* _Exercise_
Reproduce only what runs from the line containing "sweater, elegant sweater" to the line containing "OBSERVE O TRENZINHO" in the records below, inclusive. Keep it exact, and keep the pictures out.

* _Excerpted data_
╭──

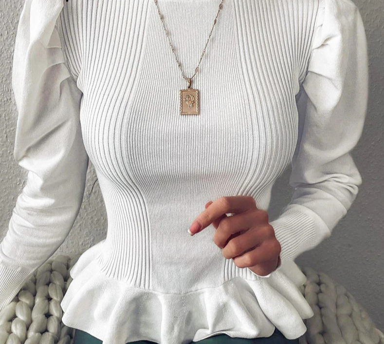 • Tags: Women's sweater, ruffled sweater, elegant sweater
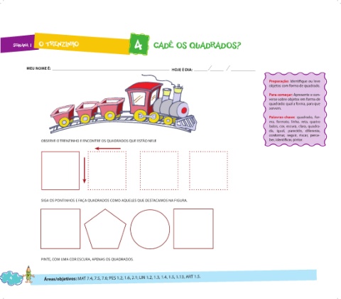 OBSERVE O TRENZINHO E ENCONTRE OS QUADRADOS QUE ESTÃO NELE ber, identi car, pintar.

╰──
╭──

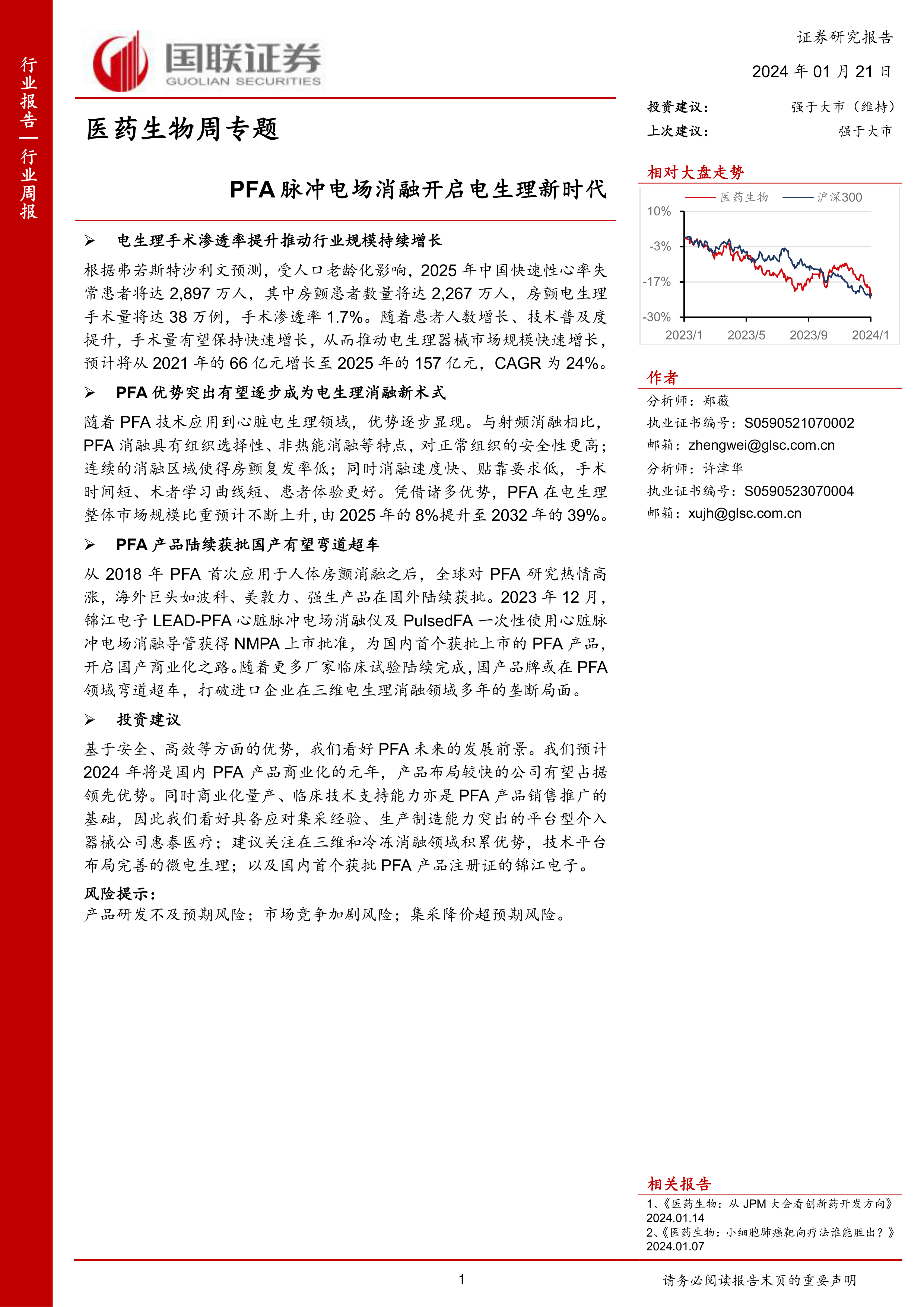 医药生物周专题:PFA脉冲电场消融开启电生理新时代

╰──

* _Output_
 • Tags: Women's sweater, ruffled sweater, elegant sweater
 OBSERVE O TRENZINHO E ENCONTRE OS QUADRADOS QUE ESTÃO NELE ber, identi car, pintar.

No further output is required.